Data provided: Begin

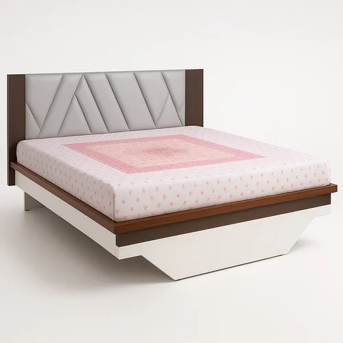 White Teak Wood headboard for double beds at home, with hydraulic storage. Laminated finish, folded design. Weighs 300kg, 7x6 width. Made in India.
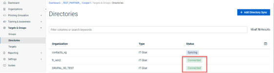 When Continuous Target Sync is enabled, a one-time sync is initiated for all ongoing training campaigns associated with your SMB organizations. Note that it may take several hours for the campaigns to be updated with the latest target list.
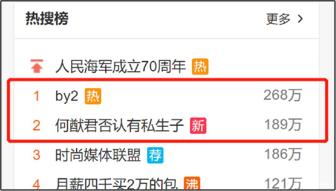 今天,”by2“以及”何猷君否认有私生子“被刷上微博热搜榜前两名:
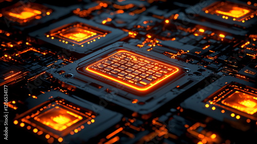 Futuristic electronic circuit board with glowing orange components and intricate patterns, showcasing advanced technology and intricate designs in a high-tech environment.
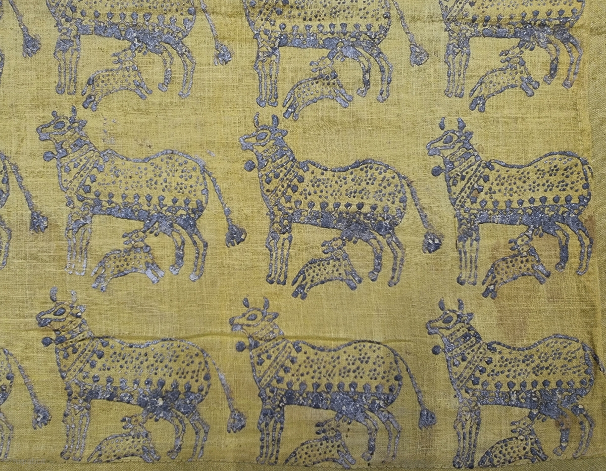 Pichwai Fragment for the Gopashtami From Gujarat India. Silver-tinsel Stamped with gum on Yellow Muslin cotton.
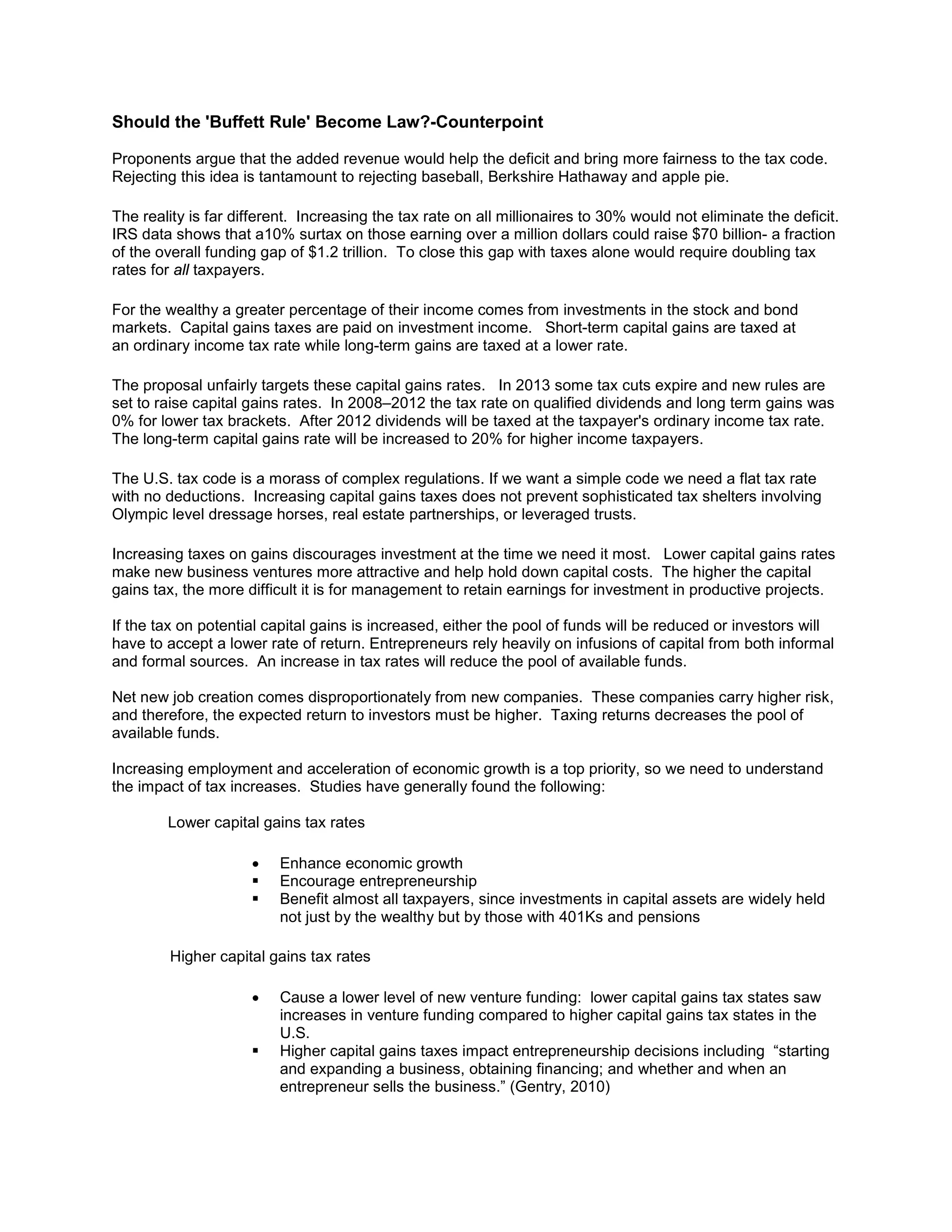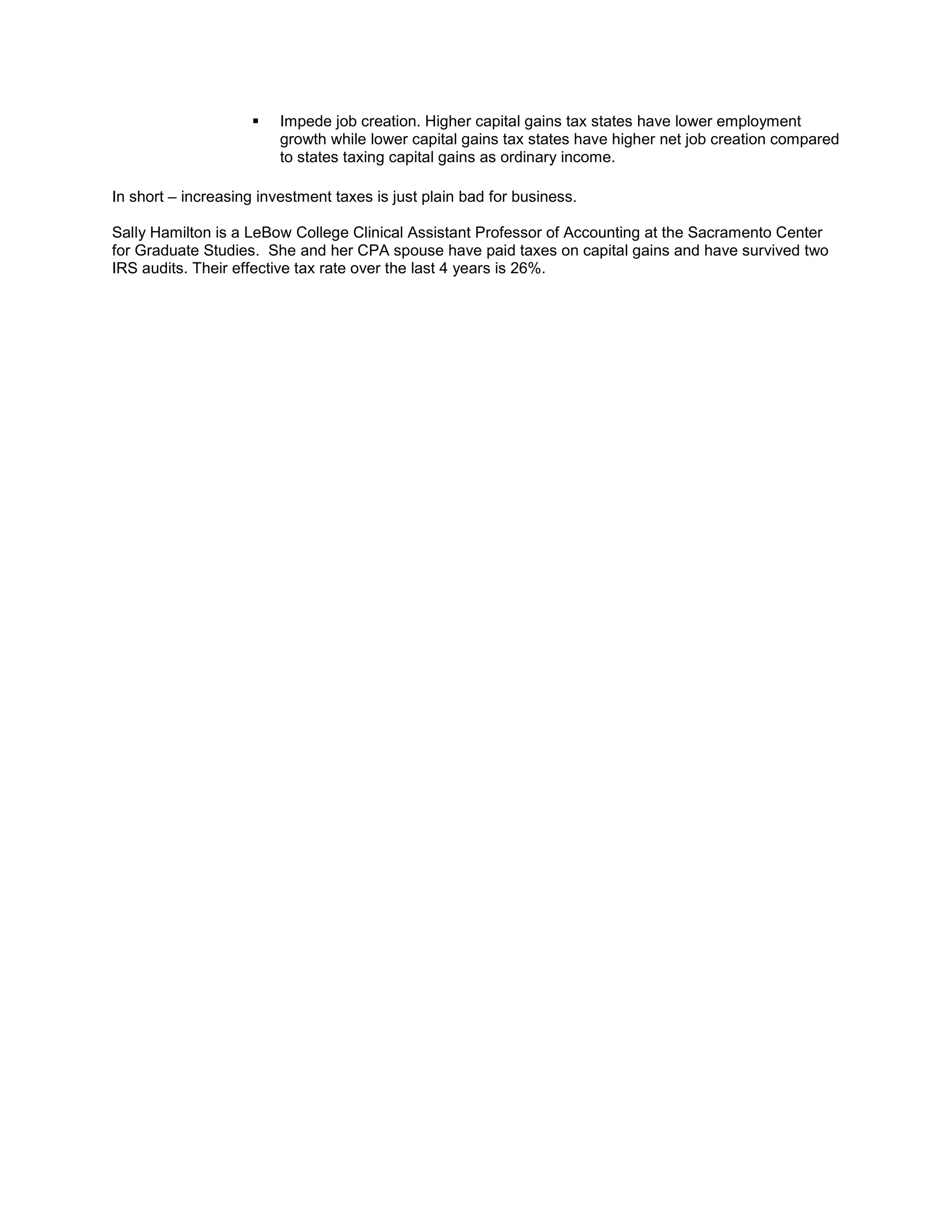 Increasing capital gains taxes would discourage investment when it is most needed to spur economic growth and job creation. [1] Studies have found that lower capital gains tax rates enhance economic growth and encourage entrepreneurship, benefiting all taxpayers with investments. [2] Higher capital gains tax rates cause lower levels of new venture funding and impact entrepreneurship decisions, which can impede job creation. [3] In short, increasing investment taxes is counterproductive for business and the economy.
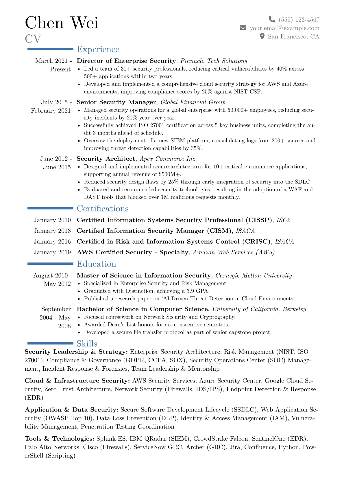 This excellent Security Director resume was crafted with JobSprout’s intuitive CV builder. You can easily remix this template and personalize it to build your own compelling application.
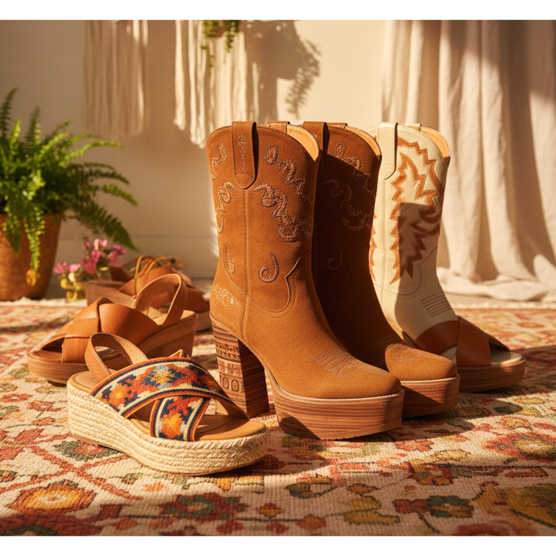 Kowbojki, czyli botki inspirowane obuwiem kowbojów z Dzikiego Zachodu, również mają korzenie w modzie lat 70. Charakteryzują się szpiczastym noskiem, skośnym obcasem i ozdobnymi przeszyciami. Noś je do jeansów typu bootcut lub z długimi, zwiewanymi sukienkami w stylu boho, by stworzyć autentyczny look tej epoki.
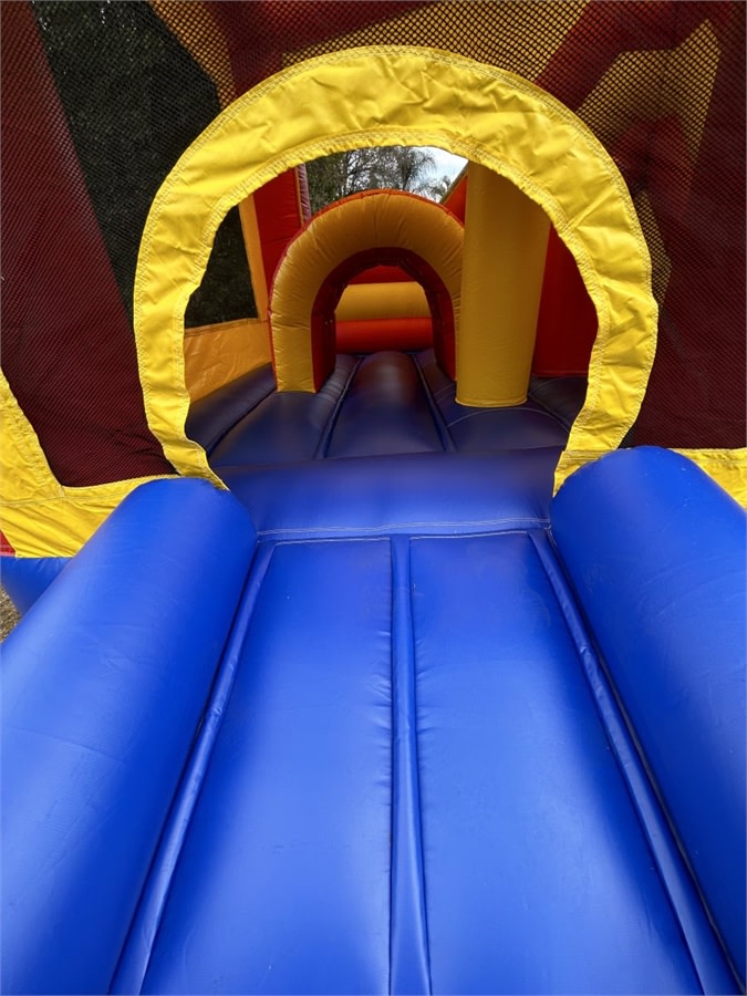It measures 5m × 5m and includes a bouncing area, slide, ladder, obstacles and a basketball hoop.

Data provided: End

**What to do:** Make an exact copy of the records above, with the pictures left out.

**Output of the task:**
 White Teak Wood headboard for double beds at home, with hydraulic storage. Laminated finish, folded design. Weighs 300kg, 7x6 width. Made in India.
 When Continuous Target Sync is enabled, a one-time sync is initiated for all ongoing training campaigns associated with your SMB organizations. Note that it may take several hours for the campaigns to be updated with the latest target list.
 今天,”by2“以及”何猷君否认有私生子“被刷上微博热搜榜前两名:
 Futuristic electronic circuit board with glowing orange components and intricate patterns, showcasing advanced technology and intricate designs in a high-tech environment.
 Pichwai Fragment for the Gopashtami From Gujarat India. Silver-tinsel Stamped with gum on Yellow Muslin cotton.
 Increasing capital gains taxes would discourage investment when it is most needed to spur economic growth and job creation. [1] Studies have found that lower capital gains tax rates enhance economic growth and encourage entrepreneurship, benefiting all taxpayers with investments. [2] Higher capital gains tax rates cause lower levels of new venture funding and impact entrepreneurship decisions, which can impede job creation. [3] In short, increasing investment taxes is counterproductive for business and the economy.
 This excellent Security Director resume was crafted with JobSprout’s intuitive CV builder. You can easily remix this template and personalize it to build your own compelling application.
 Kowbojki, czyli botki inspirowane obuwiem kowbojów z Dzikiego Zachodu, również mają korzenie w modzie lat 70. Charakteryzują się szpiczastym noskiem, skośnym obcasem i ozdobnymi przeszyciami. Noś je do jeansów typu bootcut lub z długimi, zwiewanymi sukienkami w stylu boho, by stworzyć autentyczny look tej epoki.
It measures 5m × 5m and includes a bouncing area, slide, ladder, obstacles and a basketball hoop.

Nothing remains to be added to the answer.